START Listed records

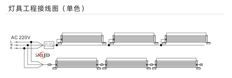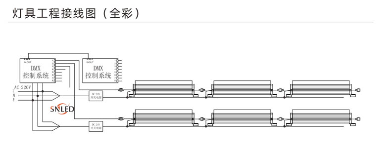 5、燈具DC24V并接不超過30/16臺,超過30/16臺請增加電源輸入線;
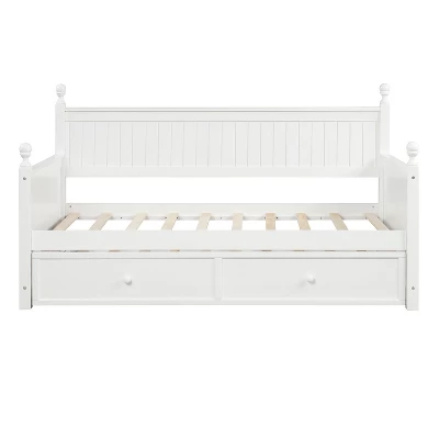 - 【Stable and classic bed frame】Solid Pine with square posts make the daybed extremely sturdy and rugged. Pine wood frame adds sturdiness and durableness. The strong legs and wide boards can not only improve the weight capacity but also increase its stability.
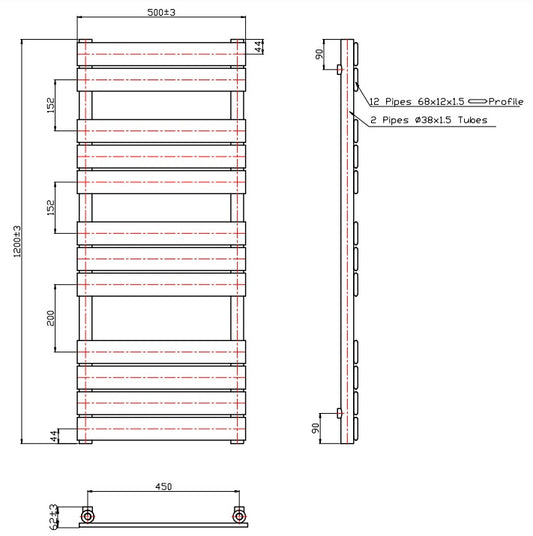Eastbrook Staverton Electric Straight Gloss White Tube on Tube Designer Towel Rail 1200mm x 500mm
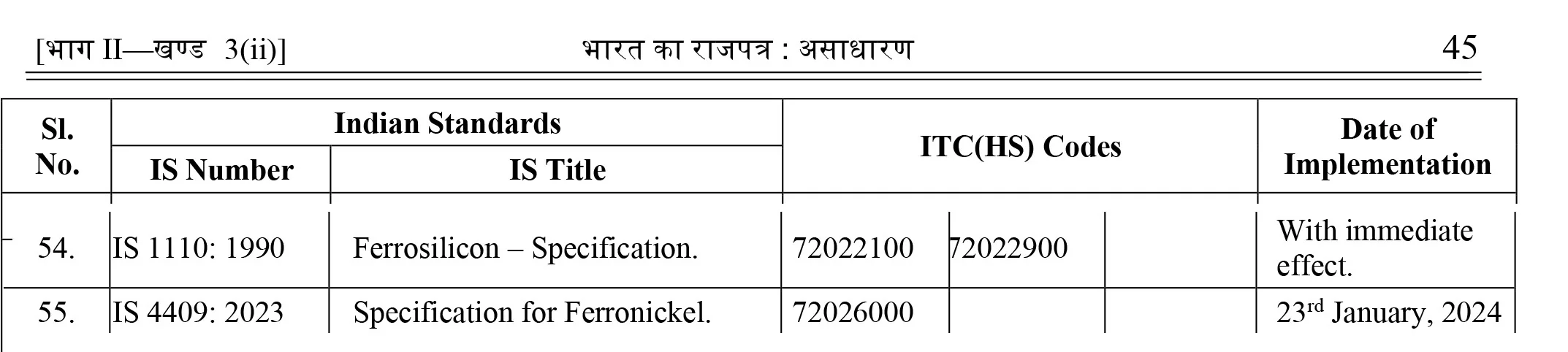 The Technical Division, Ministry of Steel, Govt. of India, has issued an order, making it mandatory for ferronickel to be used in India, whether manufactured in India or imported from foreign countries, shall mandatorily carry the Standard Mark of the Bureau of Indian Standards under a valid BIS licence. In short, it has become obligatory for all the manufacturers of ferronickel, wherein in India or overseas, to immediately apply for BIS licence and obtain a valid BIS certification licence before that the last date of implementation of the order, i.e., 23 July 2024.
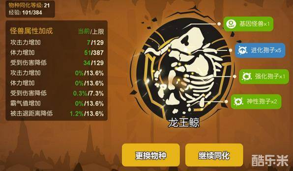 10.每种增益都可以累加,但都有上限,上限与物种同化等级相关(最高LV99)。
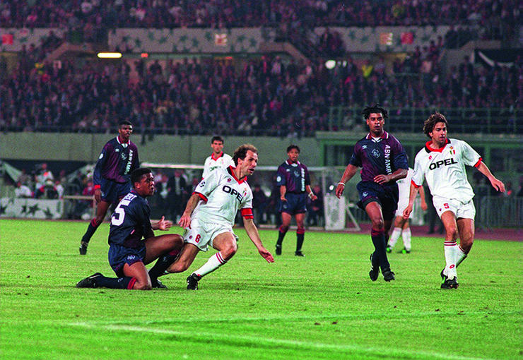 당시 밀란을 이끌던 파비오 카펠로는 조별리그에서 2번 패배한 아약스를 분석해 대응전술을 마련했다. 드사이를 리트마넨에게 붙이고 포워드인 마사로는 프랑크 데 부르가 아니라 라이지허에게 공이가도록 압박했다. 전반 45분간 밀란의 전술은 완벽하게 들어맞았고 아약스는 괴로워했다.
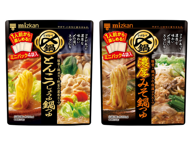 株式会社Mizkan (本社:愛知県半田市、代表取締役社長兼CEO:吉永 智征、以下:ミツカン)は8月2日(水)より「〆まで美味しい 濃厚みそ鍋つゆミニパック」「〆まで美味しい とんこつしょうゆ鍋つゆミニパック」を新発売いたします。また、新たに「〆(シメ)鍋」ロゴを作成し、ブランド全体としてパッケージリニューアルを実施します。
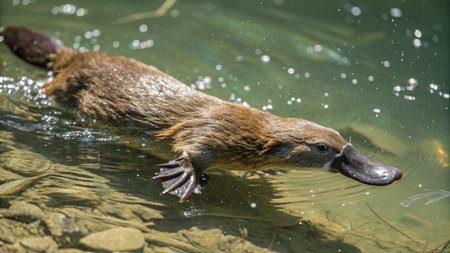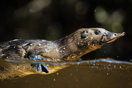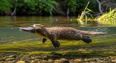 Platypus or platypus is swimming in the water.
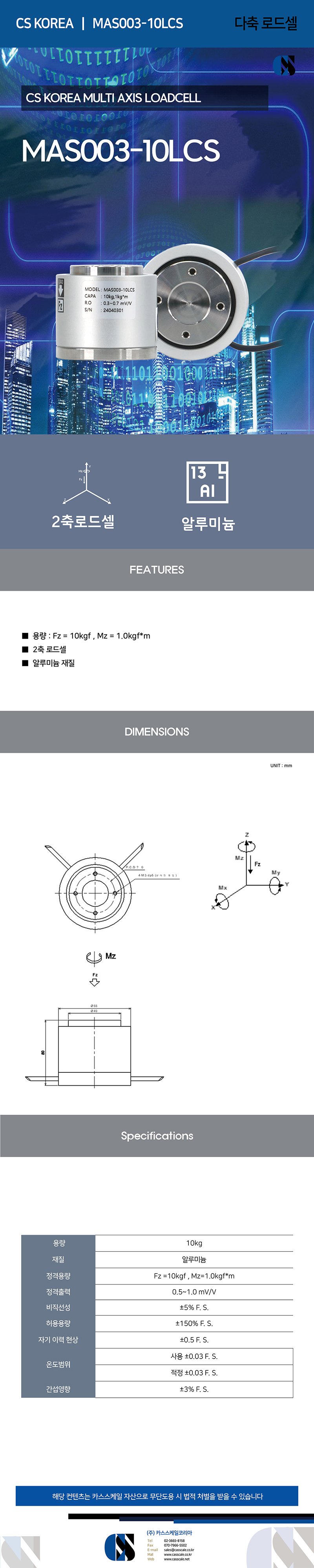 CS KOREA / MAS003-10LCS / Multi-Axis Load Cell
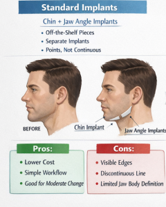If the goal is truly “total jaw augmentation”—a stronger chin and a more defined jawline from front to angle—custom jawline implants usually win aesthetically, because they can blend the entire mandibular border rather than creating separate highlights (chin + angle) with a flat mid-body.
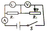 在图 (a)所示的电路中,电源电压保持不变, R1为定值电阻, R2为滑动变阻器。闭合电健S,调节滑动变阻器,将滑动变阻器的滑动触头P从最左端滑到最右端,两电压表的示数随电路中电流变化的完整过程困线如图(b)所示。则(1)判断图线“甲”或“乙”)是电压表V2示数随电流变化的图线。(2)滑动变阻器的最大阻值为多少欧?(3)如果将定值电阻R1 阻值换为20欧,同样将滑动变阻器的滑动触头P从最左端滑到最右端。请在图(c)中画出两电压表的示数随电路中电流变化的完整过程图线。
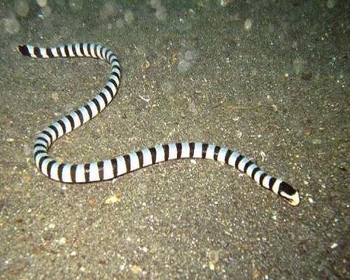 巨环海蛇,体长约两米,毒牙细小,一次分泌的毒液量少。它的右肺几乎占据了身体的右半部分。它可以潜入10丈深的水里,它那象桨一样的尾巴有利于迅速游动到达目的地。主要以鱼类为食,卵生。由于在海里让人防不胜防。
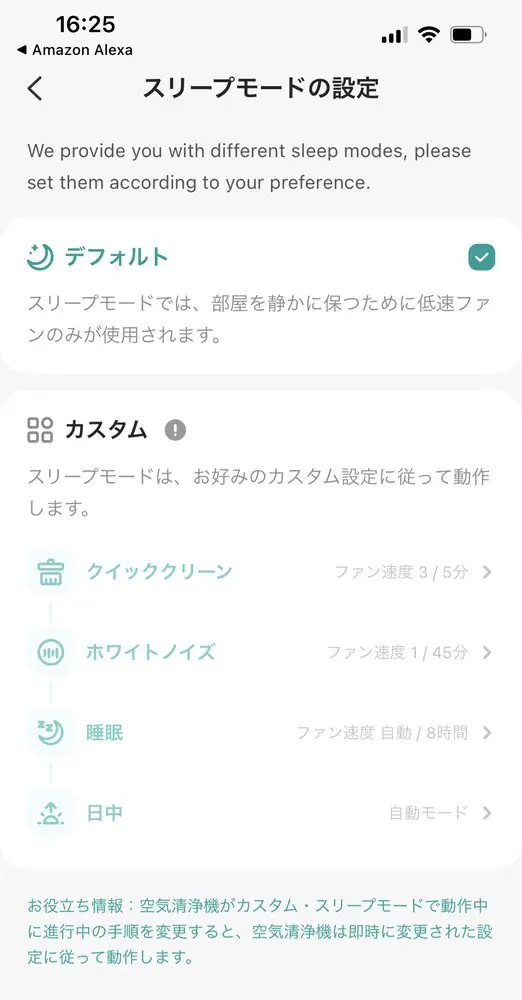 「スリープモード」は、デフォルトでは低速ファンに切り替わるだけだが、アプリではクイッククリーン、ホワイトノイズ低減、睡眠時間設定、昼間の動作設定など、より詳細な調整が可能だ。
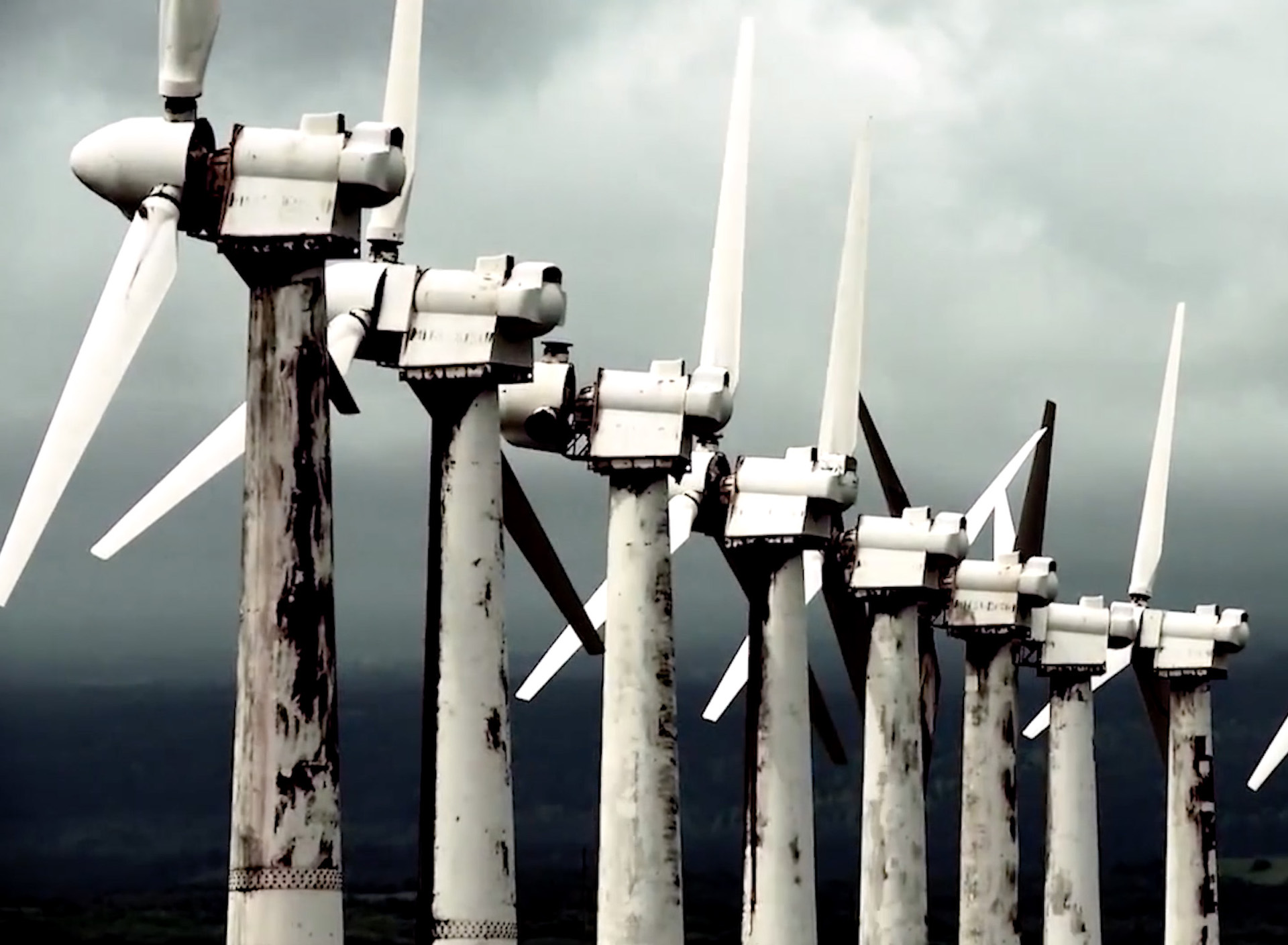 The crew films one of those turbines being erected outside of town. Each one is comprised of nearly 5,000,000 pounds of concrete, steel, aluminum, copper, plastic, cobalt, rare earth, fiberglass, and other materials.
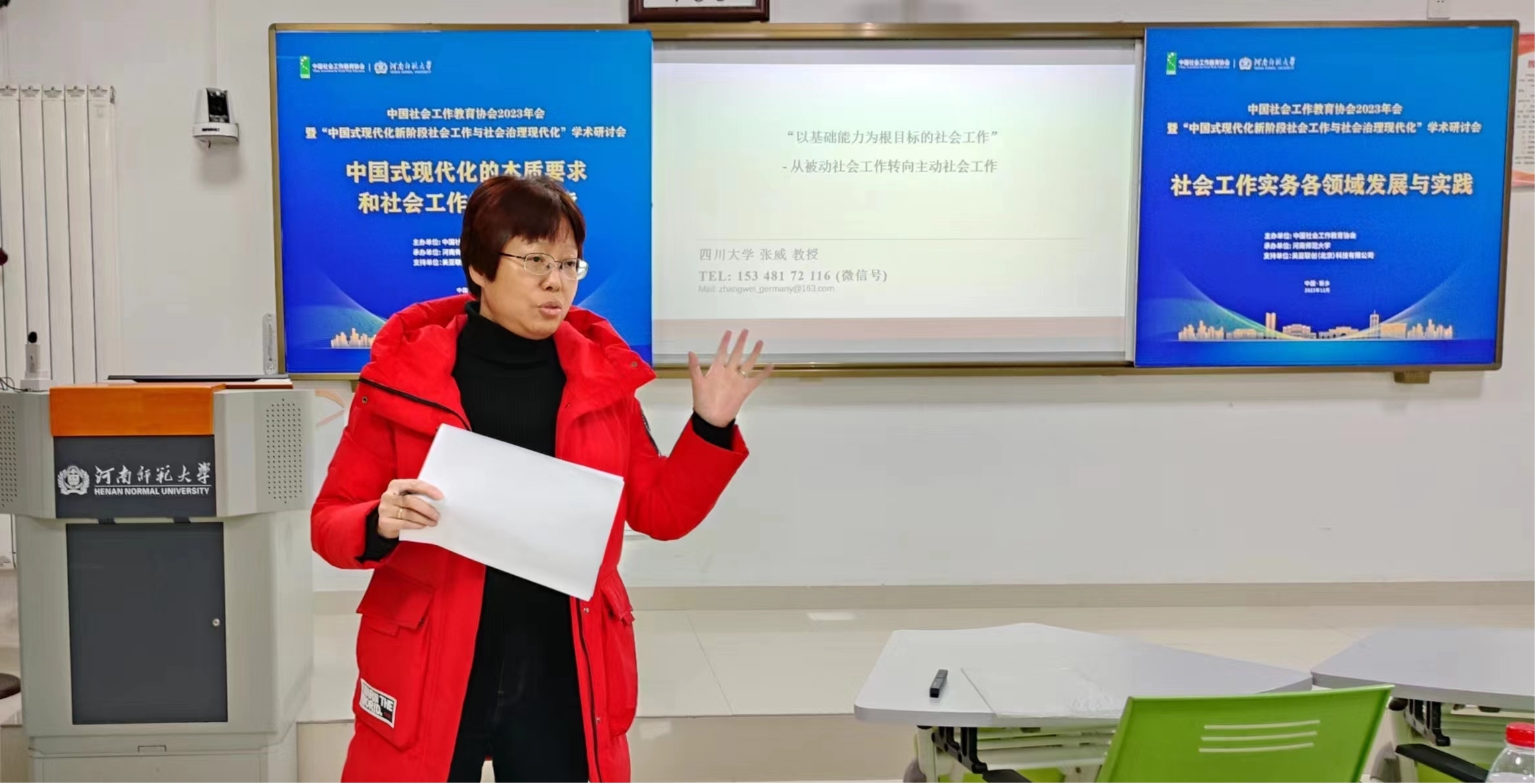 近日,中国社会工作教育协会2023年会暨“中国式现代化新阶段社会工作与社会治理现代化”学术研讨会在河南师范大学召开。本次会议由中国社会工作教育协会主办、河南师范大学承办,来自全国各高校、研究机构等单位的近千余名专家学者参会。PA视讯游戏官网张威教授出席本次年会,并主持“中国式现代化的本质要求和社会工作的理论探索”与“社会工作实务各领域发展与实践”两个论坛。
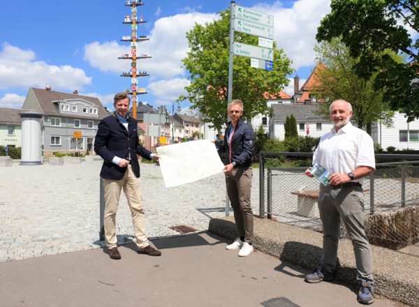 Landrat Dr. Oliver Bär, Alexander Künzl und Jürgen Wälzel (beide Tiefbauamt, zuständig für Radwege) mit einer Radwegekarte des Landkreises

END Listed records

- **How to complete this task**
Using the records above, repeat exactly the run of lines that starts with the line with "The Technical Division, Ministry" and goes on through the line with "당시 밀란을 이끌던 파비오"; omit each picture.

- **Answer below**
 The Technical Division, Ministry of Steel, Govt. of India, has issued an order, making it mandatory for ferronickel to be used in India, whether manufactured in India or imported from foreign countries, shall mandatorily carry the Standard Mark of the Bureau of Indian Standards under a valid BIS licence. In short, it has become obligatory for all the manufacturers of ferronickel, wherein in India or overseas, to immediately apply for BIS licence and obtain a valid BIS certification licence before that the last date of implementation of the order, i.e., 23 July 2024.
 10.每种增益都可以累加,但都有上限,上限与物种同化等级相关(最高LV99)。
 당시 밀란을 이끌던 파비오 카펠로는 조별리그에서 2번 패배한 아약스를 분석해 대응전술을 마련했다. 드사이를 리트마넨에게 붙이고 포워드인 마사로는 프랑크 데 부르가 아니라 라이지허에게 공이가도록 압박했다. 전반 45분간 밀란의 전술은 완벽하게 들어맞았고 아약스는 괴로워했다.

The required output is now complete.